Heikki Linnakangas <heikki.linnakangas@enterprisedb.com> wrote:

On 25.01.2011 05:30, Kevin Grittner wrote:

The readme says this:

4. PostgreSQL supports subtransactions -- an issue not mentioned
in the papers.

But I don't see any mention anywhere else on how subtransactions
are handled. If a subtransaction aborts, are its predicate locks
immediately released?

No. Here's the reasoning. Within a top level transaction, you
might start a subtransaction, read some data, and then decide based
on what you read that the subtransaction should be rolled back. If
the decision as to what is part of the top level transaction can
depend on what is read in the subtransaction, predicate locks taken
by the subtransaction must survive rollback of the subtransaction.

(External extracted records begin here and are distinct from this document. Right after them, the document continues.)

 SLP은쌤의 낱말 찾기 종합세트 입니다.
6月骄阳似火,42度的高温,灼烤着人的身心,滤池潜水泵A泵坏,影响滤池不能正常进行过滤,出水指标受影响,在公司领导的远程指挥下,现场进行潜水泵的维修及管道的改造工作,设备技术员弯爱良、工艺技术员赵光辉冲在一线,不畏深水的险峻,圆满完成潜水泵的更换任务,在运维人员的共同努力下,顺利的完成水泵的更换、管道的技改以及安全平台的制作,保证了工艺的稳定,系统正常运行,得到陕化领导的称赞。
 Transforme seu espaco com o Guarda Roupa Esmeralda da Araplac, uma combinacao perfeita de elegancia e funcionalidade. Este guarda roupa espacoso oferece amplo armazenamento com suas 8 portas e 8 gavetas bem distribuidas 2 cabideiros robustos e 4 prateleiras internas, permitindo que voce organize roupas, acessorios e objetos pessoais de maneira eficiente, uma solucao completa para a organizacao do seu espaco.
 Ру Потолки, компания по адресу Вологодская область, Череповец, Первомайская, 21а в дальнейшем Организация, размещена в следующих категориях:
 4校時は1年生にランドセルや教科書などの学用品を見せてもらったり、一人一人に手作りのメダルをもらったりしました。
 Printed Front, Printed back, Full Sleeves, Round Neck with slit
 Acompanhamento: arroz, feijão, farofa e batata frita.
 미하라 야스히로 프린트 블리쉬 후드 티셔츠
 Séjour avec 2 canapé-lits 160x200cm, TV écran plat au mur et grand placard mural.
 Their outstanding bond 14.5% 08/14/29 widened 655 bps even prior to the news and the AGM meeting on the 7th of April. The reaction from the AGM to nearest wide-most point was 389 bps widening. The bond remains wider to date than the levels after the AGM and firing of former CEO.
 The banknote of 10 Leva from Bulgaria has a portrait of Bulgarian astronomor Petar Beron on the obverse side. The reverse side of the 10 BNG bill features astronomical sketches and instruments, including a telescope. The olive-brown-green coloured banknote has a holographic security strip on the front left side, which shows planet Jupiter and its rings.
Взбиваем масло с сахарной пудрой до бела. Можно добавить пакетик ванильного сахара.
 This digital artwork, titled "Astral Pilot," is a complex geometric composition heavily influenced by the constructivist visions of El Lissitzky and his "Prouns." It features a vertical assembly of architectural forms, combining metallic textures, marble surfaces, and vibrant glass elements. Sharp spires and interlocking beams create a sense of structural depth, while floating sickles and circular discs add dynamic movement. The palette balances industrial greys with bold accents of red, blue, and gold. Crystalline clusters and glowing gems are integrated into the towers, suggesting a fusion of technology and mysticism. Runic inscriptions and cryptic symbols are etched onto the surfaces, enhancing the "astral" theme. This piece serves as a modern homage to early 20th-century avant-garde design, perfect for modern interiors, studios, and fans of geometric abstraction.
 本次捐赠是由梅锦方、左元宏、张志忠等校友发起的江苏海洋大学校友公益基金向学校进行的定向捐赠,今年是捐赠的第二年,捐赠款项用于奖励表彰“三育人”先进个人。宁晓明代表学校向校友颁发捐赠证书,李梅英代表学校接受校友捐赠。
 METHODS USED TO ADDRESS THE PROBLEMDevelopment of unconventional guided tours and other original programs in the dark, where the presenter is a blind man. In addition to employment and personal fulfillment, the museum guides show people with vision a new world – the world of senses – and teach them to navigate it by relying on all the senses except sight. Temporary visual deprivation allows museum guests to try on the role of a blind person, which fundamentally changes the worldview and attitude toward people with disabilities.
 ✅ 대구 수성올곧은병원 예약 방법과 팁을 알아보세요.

Does that make sense to you? Is there somewhere you would like to
see that argument documented?

-Kevin

#10Kevin Grittner
Kevin.Grittner@wicourts.gov
In reply to: Jeff Davis (#6)
Re: SSI patch version 14

Jeff Davis <pgsql@j-davis.com> wrote:

I think just annotating RWConflict.in/outLink and
PredTranList.available/activeList with the types of things they
hold would be a help.

Also, you say something about RWConflict and "when the structure
is not in use". Can you elaborate on that a bit?

Please let me know whether this works for you:

http://git.postgresql.org/gitweb?p=users/kgrittn/postgres.git;a=commitdiff;h=325ec55e8c9e5179e2e16ff303af6afc1d6e732b

-Kevin

#11Kevin Grittner
Kevin.Grittner@wicourts.gov
In reply to: Jeff Davis (#7)
Re: SSI patch version 14

Jeff Davis <pgsql@j-davis.com> wrote:

It's OK to leave it to 9.2. But if it's a RO deferrable
transaction, it's just going to go to sleep in that case anyway;
so why not look for an opportunity to get a safe snapshot right
away?

If you're talking about doing this only for DEFERRABLE transactions
it *might* make sense for 9.1. I'd need to look at what's involved.
We make similar checks for all read only transactions, so they can
withdraw from SSI while running, if their snapshot *becomes* safe.
I don't think I'd want to consider messing with that code at this
point.

-Kevin

#12Heikki Linnakangas
heikki.linnakangas@enterprisedb.com
In reply to: Kevin Grittner (#9)
Re: SSI patch version 14

On 25.01.2011 22:53, Kevin Grittner wrote:

Heikki Linnakangas<heikki.linnakangas@enterprisedb.com> wrote:

On 25.01.2011 05:30, Kevin Grittner wrote:

The readme says this:

4. PostgreSQL supports subtransactions -- an issue not mentioned
in the papers.

But I don't see any mention anywhere else on how subtransactions
are handled. If a subtransaction aborts, are its predicate locks
immediately released?

No. Here's the reasoning. Within a top level transaction, you
might start a subtransaction, read some data, and then decide based
on what you read that the subtransaction should be rolled back. If
the decision as to what is part of the top level transaction can
depend on what is read in the subtransaction, predicate locks taken
by the subtransaction must survive rollback of the subtransaction.

Does that make sense to you?

Yes, that's what I suspected. And I gather that all the data structures
in predicate.c work with top-level xids, not subxids. When looking at an
xid that comes from a tuple's xmin or xmax, for example, you always call
SubTransGetTopmostTransaction() before doing much else with it.

Is there somewhere you would like to
see that argument documented?

README-SSI .

--
Heikki Linnakangas
EnterpriseDB http://www.enterprisedb.com

#13Simon Riggs
simon@2ndQuadrant.com
In reply to: Kevin Grittner (#1)
Re: SSI patch version 14

On Mon, 2011-01-24 at 21:30 -0600, Kevin Grittner wrote:

Dan and I have spent many, many hours desk-check and testing,
including pounding for many hours in DBT-2 at high concurrency
factors on a 16 processor box. In doing so, we found and fixed a few
issues. Neither of us is aware of any bugs or deficiencies
remaining, even after a solid day of pounding in DBT-2, other than
the failure to extend any new functionality to hot standby.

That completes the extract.